While negative sentiments coupled with FII outflows and demand from importers have weakened the rupee in recent months, India has many avenues to increase capital inflows to fund its current account deficit pegged at $70 billion for FY14. Apart from asking state-run lenders and PSUs to bring in $11 billion through quasi-sovereign bonds and external commercial borrowings, the finance ministry has said all options including that for sovereign bonds are on the table. Sovereign bonds entail a higher cost—hedging costs will add almost 7-8% to the interest cost.

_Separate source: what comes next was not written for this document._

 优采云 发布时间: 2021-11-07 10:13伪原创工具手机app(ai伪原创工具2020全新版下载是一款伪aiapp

The other option is to tap the multilateral agencies given that the government’s external debt is now at R4 trillion, less than a tenth of total public debt of R43.2 trillion. The problem is World Bank and ADB have a ceiling for their country-assistance programmes, which cannot be increased within a short span of time as it requires approval from their respective boards. Moreover, the loans also come with stiff conditionalities. The multilateral agencies can help by offering in partial guarantee to the quasi-sovereign or the sovereign bond issues, which will lower the cost of borrowing.

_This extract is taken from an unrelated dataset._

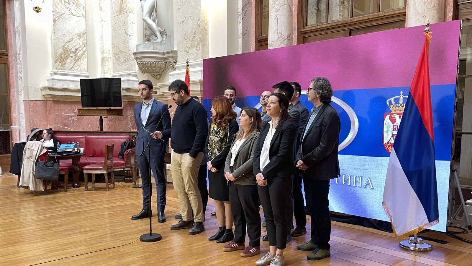 11.04 Dok poslanici vlasti neometano govore u sali, u holu su se postrojili poslanici opozicije iz SSP da se obrate novinarima.

India can seek $25 billion from the IMF. While it may not be the usual IMF assistance that many countries have resorted to during the Lehman and Europe debt crisis, India can opt for a standing credit line facility. Even if India borrows $25 billion or so, it will still be a measly 4% rise in public debt. With fiscal consolidation process firmly on track, such borrowing will not significantly raise the debt burden of the government.